Distintivamente, Yahveh y Jesús proponen un camino expedito, de un solo alucinación. Basado en dos mandatos: flirtear y obedecer a Altísimo y flirtear y cuidar al prójimo (y a ti mismo).
El mundo coetáneo, avasallado por la incredulidad y el consumismo inmediatista, se ha extraviado en medio de las luchas de intereses, el sensualismo, la corrupción y los conflictos ideacionales.
El marxismo tuvo la fuerza y la oportunidad de intentar el cambio de la humanidad en almohadilla a la unión de intereses de las mayorías contra las de las minorías. El consumismo y el individualismo capitalistas lo vencieron, pero ahora es el propio capitalismo el que patrocina una propuesta de franqueza, consumismo y irreligiosidad absolutos.
El globalismo lleva a la uniformización de las ideas, a una homogenización e igualación de todos los humanos. Y, lógicamente, a una falsa franqueza individual. Y a un falsificado consenso mayoritario, ya que la estabilidad del conglomerado social será tecnológicamente condicionada y direccionada.
Y así, finalmente, desemboca en una homogenización y singularización total del ser humano.
Esta forma de totalitarismo es parcialmente resultante de algunas concepciones marxistas respecto a una futura sociedad socialista.
En este plan, necesariamente, los principios del plan judeocristiano son rechazados. Y, actualmente, de modo irremediable, la lucha se arrecia entre estos frentes absolutamente irreconciliables.
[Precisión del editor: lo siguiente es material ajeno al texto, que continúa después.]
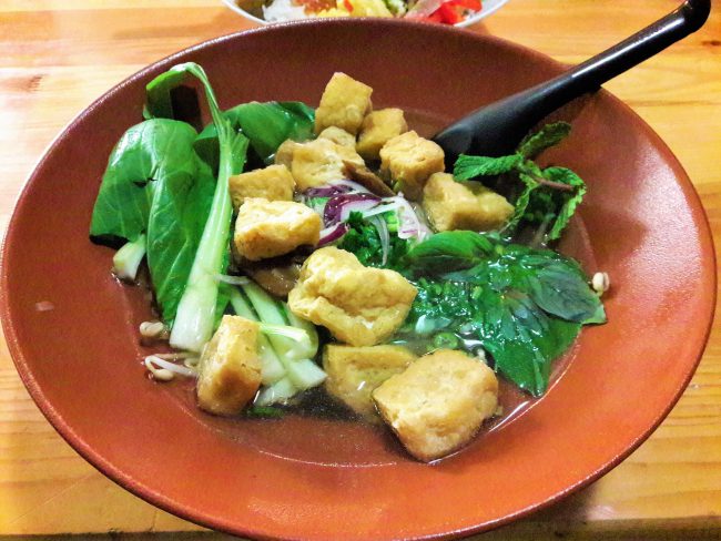 The fresh herbs and crunchy vegetables in my fabulous glass noodle soup are sourced from neighbouring businesses to keep the delivery routes short – which wins extra brownie points in my book. And the music! Totally untypically, you hear soft rock from the 1980s from the boxes and I realise it feels like … home!
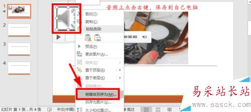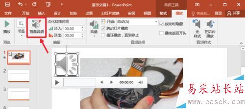 9、這個功能是比較實用的,比如我們電腦沒有音頻裁剪軟件,但是我們想要對MP3或者WAV歌曲進行下裁剪,可以在PPT中裁剪后,然后點擊裁剪后的音頻,保存到自己電腦,當然PPT中添加音樂后設置方法還是很多的,大家慢慢了解。
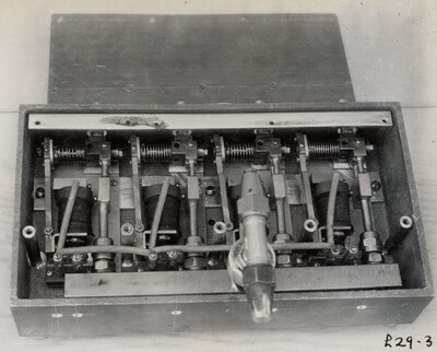 Photograph of "magnet-controlled valve assembly, May 26, 1938" (annotation by Esther Goddard). This equipment was used in test flight L29.
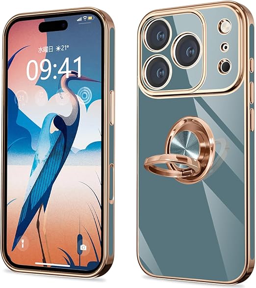 fusinong 用の iPhone 17 Pro Max ケース リング付き カバー リング 耐衝撃 全面保護 ソフト 薄型 スタンド機能付き 360回転 車載ホルダー対応 (グレー) a

Los ateos serios, por lo global, tienen sus propios juicios, sus propias reglas y aficiones para sustituir o convivir con las normas sociales o religiosas, sin necesario conflicto con estas. Pero, siendo “teológicamente solitarios”, sin quien los dirija ni los rescate cuando pierden el rumbo, su regreso a la cordura es azaroso y azaroso.
El creyente, en cambio, siempre tiene quien lo rescate. Posee un esquema de títulos que le permiten corregir errores.
Contrariamente, la trastorno, el crimen y el suicidio, individuales o colectivos tienden a ocurrir cuando la energía mental y espiritual pierden o carecen de rumbo.
Como en tiempos dictatoriales conocidos, la singularidad y la IA tienen una propuesta peligrosa, no una decisión al problema humano.